You are asked to repeat the listing word for word and to leave out its pictures.

Input data:
"""
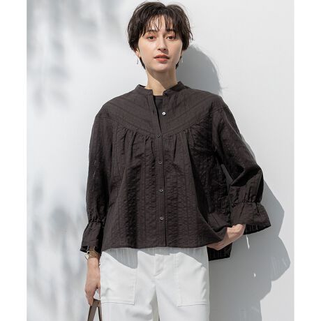 肩まわりはすっきりとコンパクトな作りで、胸元の切り替え下からはギャザーを入れているので、身体のラインを拾わず、切り替え下からはギャザーフレアになっているので張り付かず、涼しげな印象でご着用いただけます。前の釦を閉じていても開けてもサマになる1枚です。カジュアルにもきれいめにも着回せるので、さまざまなシーンで活躍してくれます。カラーはシックなブラック(#005)、爽やかで清涼感のあるホワイト(#001)、目を惹くオレンジ(#020)の3色展開です。
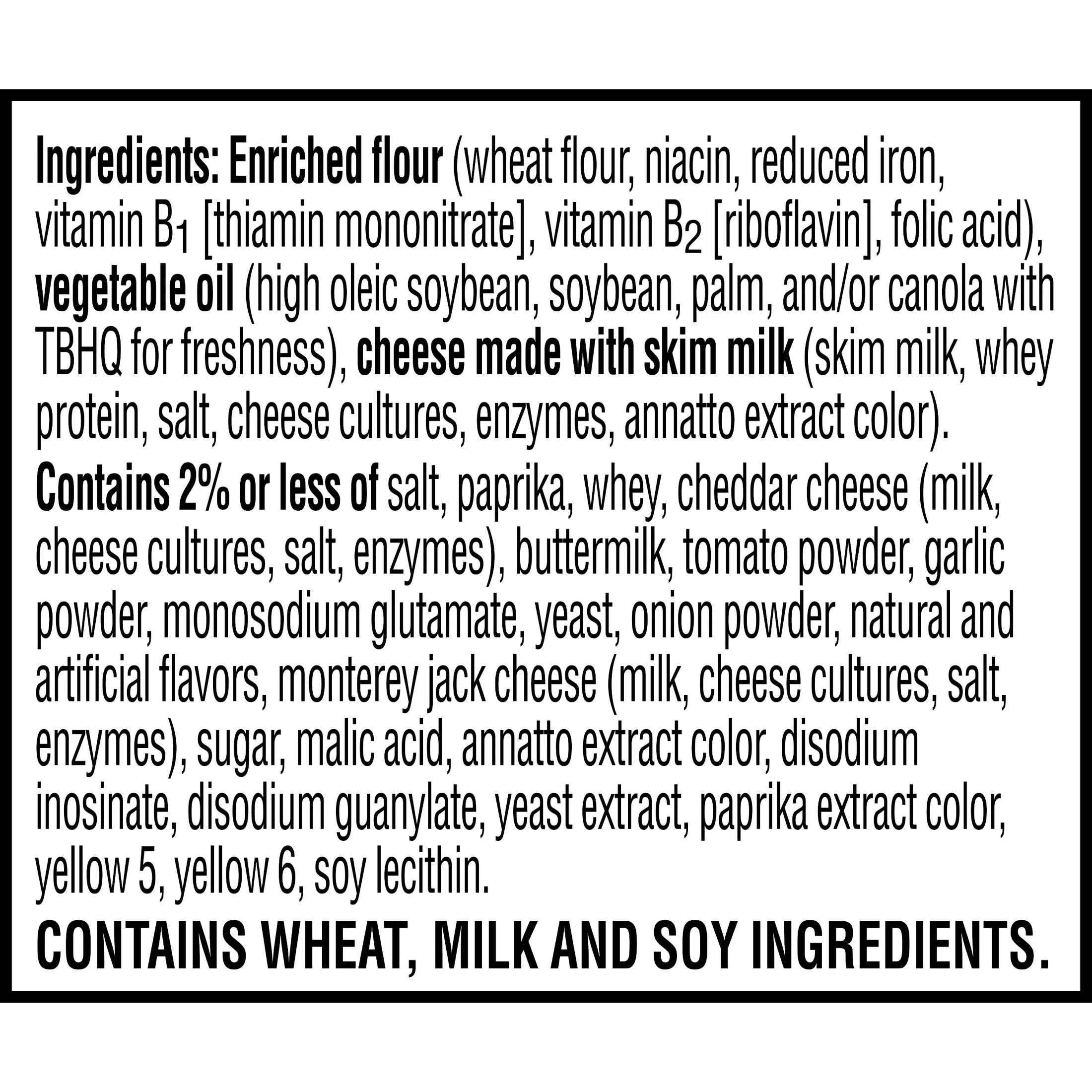 Enriched flour (wheat flour, niacin, reduced iron, vitamin B1 [thiamin mononitrate], vitamin B2 [riboflavin], folic acid), vegetable oil (high oleic soybean, soybean, palm, and/or canola with TBHQ for freshness), cheese made with skim milk (skim milk, whey protein, salt, cheese cultures, enzymes, annatto extract color). Contains 2% or less of salt, paprika, whey, cheddar cheese (milk, cheese cultures, salt, enzymes), buttermilk, tomato powder, garlic powder, monosodium glutamate, yeast, onion powder, natural and artificial flavors, monterey jack cheese (milk, cheese cultures, salt, enzymes), sugar, malic acid, annatto extract color, disodium inosinate, disodium guanylate, yeast extract, paprika extract color, yellow 5, yellow 6, soy lecithin./div>
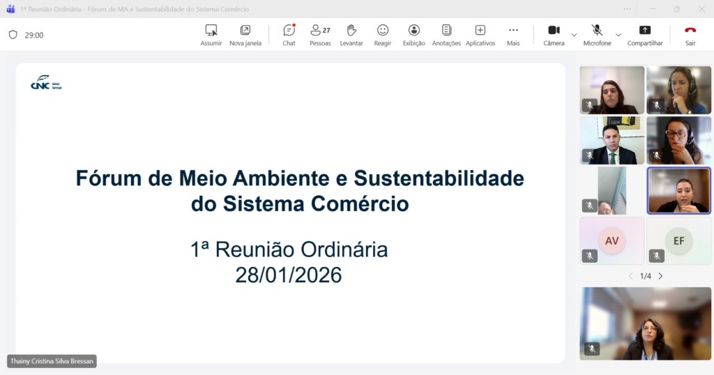 Nesta quarta-feira (28), foi realizada a primeira reunião ordinária do Fórum de Meio Ambiente e Sustentabilidade do Sistema Comércio, marco que inaugura oficialmente o ciclo de trabalho de 2026 do espaço que substitui e amplia o antigo Grupo Técnico de Trabalho sobre Meio Ambiente (GTT-MA).
"""
Response to this exercise:
 肩まわりはすっきりとコンパクトな作りで、胸元の切り替え下からはギャザーを入れているので、身体のラインを拾わず、切り替え下からはギャザーフレアになっているので張り付かず、涼しげな印象でご着用いただけます。前の釦を閉じていても開けてもサマになる1枚です。カジュアルにもきれいめにも着回せるので、さまざまなシーンで活躍してくれます。カラーはシックなブラック(#005)、爽やかで清涼感のあるホワイト(#001)、目を惹くオレンジ(#020)の3色展開です。
 Enriched flour (wheat flour, niacin, reduced iron, vitamin B1 [thiamin mononitrate], vitamin B2 [riboflavin], folic acid), vegetable oil (high oleic soybean, soybean, palm, and/or canola with TBHQ for freshness), cheese made with skim milk (skim milk, whey protein, salt, cheese cultures, enzymes, annatto extract color). Contains 2% or less of salt, paprika, whey, cheddar cheese (milk, cheese cultures, salt, enzymes), buttermilk, tomato powder, garlic powder, monosodium glutamate, yeast, onion powder, natural and artificial flavors, monterey jack cheese (milk, cheese cultures, salt, enzymes), sugar, malic acid, annatto extract color, disodium inosinate, disodium guanylate, yeast extract, paprika extract color, yellow 5, yellow 6, soy lecithin./div>
 Nesta quarta-feira (28), foi realizada a primeira reunião ordinária do Fórum de Meio Ambiente e Sustentabilidade do Sistema Comércio, marco que inaugura oficialmente o ciclo de trabalho de 2026 do espaço que substitui e amplia o antigo Grupo Técnico de Trabalho sobre Meio Ambiente (GTT-MA).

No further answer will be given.